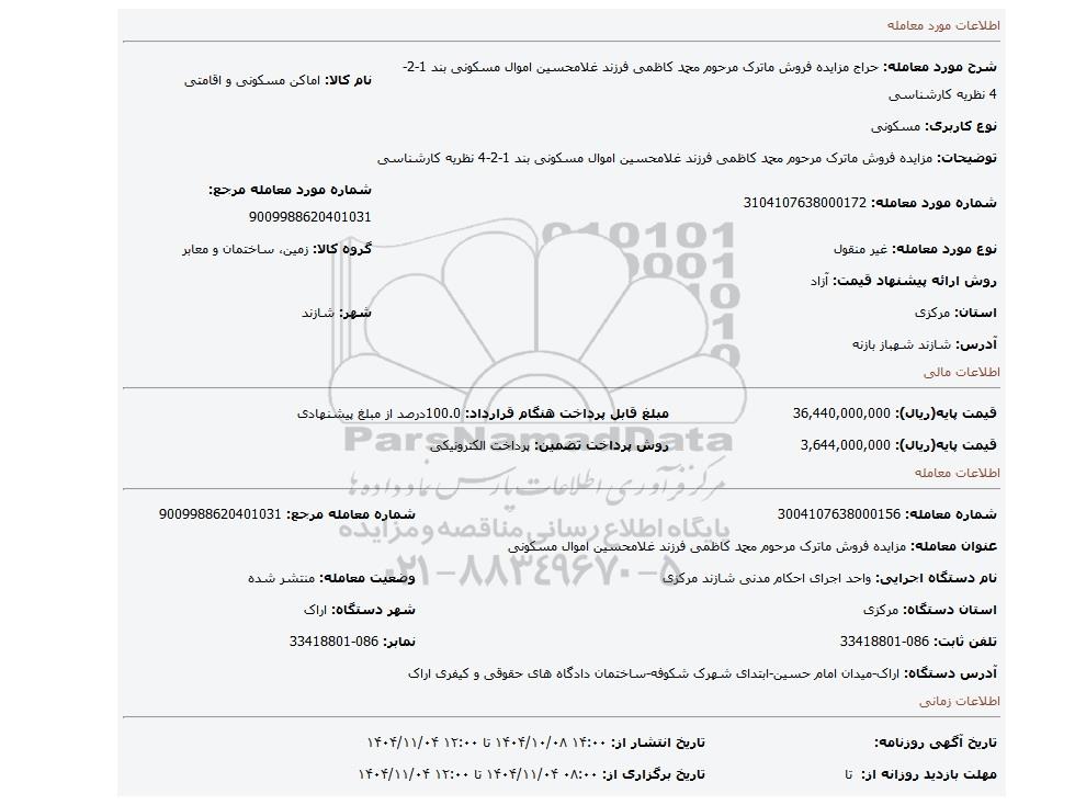 | عنوان معامله: مزایده فروش ماترک مرحوم محمد کاظمی فرزند غلامحسین اموال مسکونی | ||
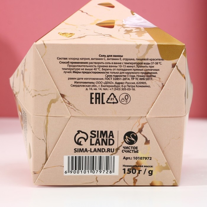 Соль для ванны «С 8 Марта!», 150 г, аромат французской ванили, ЧИСТОЕ СЧАСТЬЕ
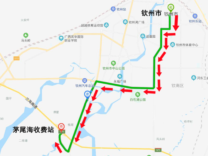 5.中马园区收费站拥堵时:往钦州港方向的车辆→金桔收费站出口→G325国道→黎合江大转盘→钦州港二级公路→钦州港收费站G75国道→北海→南北互通→中马园区收费站入口;往六景方向的车辆→钦州港→钦州→进港大道→黎合江大转盘→二级公路合浦→G325国道→金桔收费站入口→黎合江转盘→钦陆一级公路→陆屋镇→久隆收费站入口。
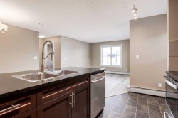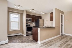 A rare opportunity to own a beautifully appointed CORNER, TOP-FLOOR home filled with warmth, sunshine, and endless natural light. This gorgeous 2-bedroom, 2-bathroom residence with a bonus flex space offers an exceptional layout, NEW LVP flooring creating a perfect space plus underground parking amazing stall! Vibrant location that places you minutes from downtown and every amenity imaginable.From the moment you walk in, the sense of openness is undeniable. The expansive front foyer feels more like an extension of your living space than an entryway—offering the perfect spot for a cozy coffee nook, a reading corner, extra storage, or even a small workspace. It’s a welcoming introduction to a home that feels both spacious and inviting.The building itself is undergoing a fresh transformation with new flooring and paint, giving the common areas a clean, contemporary look. Your underground parking stall is truly one of the best in the complex: oversized, extremely convenient, and located right outside the basement access door for effortless everyday living.Inside the unit, the thoughtful design places both bedrooms on opposite ends, creating ideal separation whether you’re hosting guests, sharing with a roommate, or simply wanting privacy. The Primary Suite is bright and comfortable, featuring a large walk-through closet and a private 3-piece ensuite. The second bedroom is generously sized and easily accommodates a queen bed.The heart of the home is the stunning open-concept kitchen and dining area, beautifully lit by natural light pouring through the corner windows. The kitchen offers excellent storage, great counter space, and room for either a small café-style table or an additional moveable island—perfect for those who love to cook or entertain. The dining area flows smoothly into the spacious living room, where large windows and the top-floor vantage point create a bright, uplifting atmosphere all day long.From the living room, step onto the sun-soaked corner balcony, an inviting outdoor retreat ideal for morning coffee, evening wine, container gardening, or enjoying the warmth of the afternoon sun. With its open exposure and extra space, it truly extends your living area outdoors.Complete with in-suite laundry, pet-friendly bylaws, low condo fees, and unbeatable access to Deerfoot Trail, transit, shops, parks, and Calgary’s downtown core, this home offers the perfect blend of convenience, comfort, and style. Top-floor sanctuary is ready to welcome its next owner to a lifestyle of ease and sunshine. (DISCLOSURE the unit is vacant and is virtually staged with options)CONDO FEES $517.00
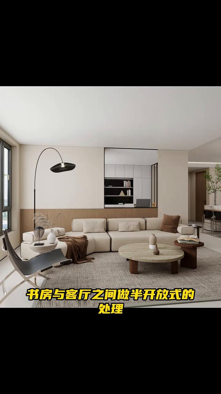 ·书房与客厅之间做半开放式的处理,使客厅、餐厅、书房通一起,空间大气宽敞。
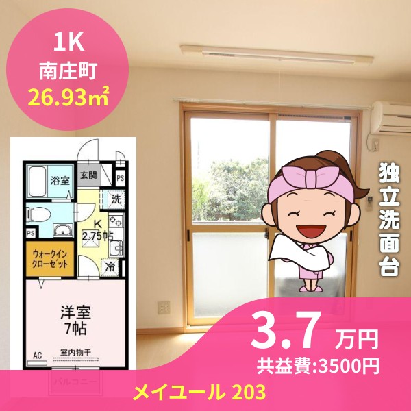 月額賃料は3.7万円で、共益費は3500円です
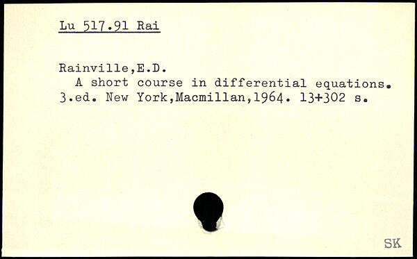 A short course in differential equations.
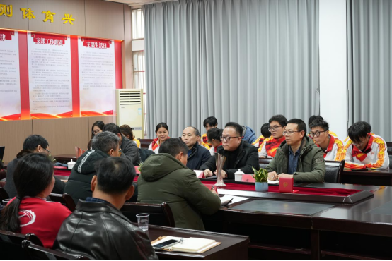 院长何斌总结我校获批省民宗委少数民族传统体育项目训练基地的成绩,并对备战2026年湖北省少数民族传统体育运动会、2027年第十三届全国少数民族传统体育运动会进行部署动员,一是进一步加强基地建设;二是走出去请进来,举办相关研讨会,研究深化科学训练,培训提升教练员素养;三是湖北少数民族传统体育科研基地围绕湖北省高脚竞速训练基地、板鞋竞速训练基地、陀螺训练基地训练展开科研工作;四是论证探寻专业设置规划。
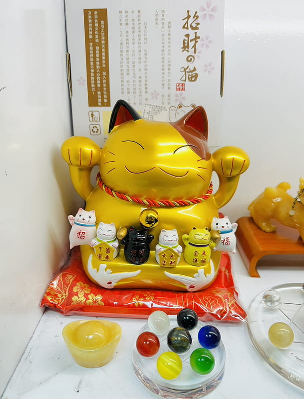 金色招財貓 存錢筒 象徵財運亨通與事業成功 六隻小貓 象徵「福氣滿門」金色大貓 招財招福的最佳代表 催旺財氣與開拓商機

- Exercise aim
Set down all records verbatim, omitting images.

- Expected output
 | عنوان معامله: مزایده فروش ماترک مرحوم محمد کاظمی فرزند غلامحسین اموال مسکونی | ||
 Соль для ванны «С 8 Марта!», 150 г, аромат французской ванили, ЧИСТОЕ СЧАСТЬЕ
 5.中马园区收费站拥堵时:往钦州港方向的车辆→金桔收费站出口→G325国道→黎合江大转盘→钦州港二级公路→钦州港收费站G75国道→北海→南北互通→中马园区收费站入口;往六景方向的车辆→钦州港→钦州→进港大道→黎合江大转盘→二级公路合浦→G325国道→金桔收费站入口→黎合江转盘→钦陆一级公路→陆屋镇→久隆收费站入口。
 A rare opportunity to own a beautifully appointed CORNER, TOP-FLOOR home filled with warmth, sunshine, and endless natural light. This gorgeous 2-bedroom, 2-bathroom residence with a bonus flex space offers an exceptional layout, NEW LVP flooring creating a perfect space plus underground parking amazing stall! Vibrant location that places you minutes from downtown and every amenity imaginable.From the moment you walk in, the sense of openness is undeniable. The expansive front foyer feels more like an extension of your living space than an entryway—offering the perfect spot for a cozy coffee nook, a reading corner, extra storage, or even a small workspace. It’s a welcoming introduction to a home that feels both spacious and inviting.The building itself is undergoing a fresh transformation with new flooring and paint, giving the common areas a clean, contemporary look. Your underground parking stall is truly one of the best in the complex: oversized, extremely convenient, and located right outside the basement access door for effortless everyday living.Inside the unit, the thoughtful design places both bedrooms on opposite ends, creating ideal separation whether you’re hosting guests, sharing with a roommate, or simply wanting privacy. The Primary Suite is bright and comfortable, featuring a large walk-through closet and a private 3-piece ensuite. The second bedroom is generously sized and easily accommodates a queen bed.The heart of the home is the stunning open-concept kitchen and dining area, beautifully lit by natural light pouring through the corner windows. The kitchen offers excellent storage, great counter space, and room for either a small café-style table or an additional moveable island—perfect for those who love to cook or entertain. The dining area flows smoothly into the spacious living room, where large windows and the top-floor vantage point create a bright, uplifting atmosphere all day long.From the living room, step onto the sun-soaked corner balcony, an inviting outdoor retreat ideal for morning coffee, evening wine, container gardening, or enjoying the warmth of the afternoon sun. With its open exposure and extra space, it truly extends your living area outdoors.Complete with in-suite laundry, pet-friendly bylaws, low condo fees, and unbeatable access to Deerfoot Trail, transit, shops, parks, and Calgary’s downtown core, this home offers the perfect blend of convenience, comfort, and style. Top-floor sanctuary is ready to welcome its next owner to a lifestyle of ease and sunshine. (DISCLOSURE the unit is vacant and is virtually staged with options)CONDO FEES $517.00
 ·书房与客厅之间做半开放式的处理,使客厅、餐厅、书房通一起,空间大气宽敞。
 月額賃料は3.7万円で、共益費は3500円です
 A short course in differential equations.
 院长何斌总结我校获批省民宗委少数民族传统体育项目训练基地的成绩,并对备战2026年湖北省少数民族传统体育运动会、2027年第十三届全国少数民族传统体育运动会进行部署动员,一是进一步加强基地建设;二是走出去请进来,举办相关研讨会,研究深化科学训练,培训提升教练员素养;三是湖北少数民族传统体育科研基地围绕湖北省高脚竞速训练基地、板鞋竞速训练基地、陀螺训练基地训练展开科研工作;四是论证探寻专业设置规划。
 金色招財貓 存錢筒 象徵財運亨通與事業成功 六隻小貓 象徵「福氣滿門」金色大貓 招財招福的最佳代表 催旺財氣與開拓商機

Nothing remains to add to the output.